PROVIDED MATERIAL ▸

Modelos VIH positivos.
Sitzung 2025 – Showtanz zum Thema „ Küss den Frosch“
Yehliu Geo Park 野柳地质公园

==

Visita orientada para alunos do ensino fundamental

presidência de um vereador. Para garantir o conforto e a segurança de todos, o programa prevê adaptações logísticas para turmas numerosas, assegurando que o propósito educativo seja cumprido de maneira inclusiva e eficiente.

---

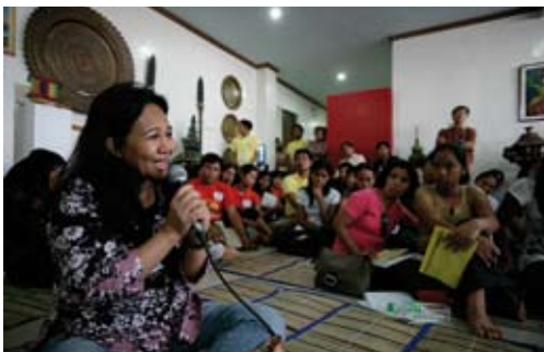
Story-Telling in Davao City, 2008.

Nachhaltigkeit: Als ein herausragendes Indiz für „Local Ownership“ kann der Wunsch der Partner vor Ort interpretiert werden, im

EXERCISE ▸
Your answer should consist of copies of the lines above that include the string "para".

ANSWER SECTION ▸
Visita orientada para alunos do ensino fundamental
presidência de um vereador. Para garantir o conforto e a segurança de todos, o programa prevê adaptações logísticas para turmas numerosas, assegurando que o propósito educativo seja cumprido de maneira inclusiva e eficiente.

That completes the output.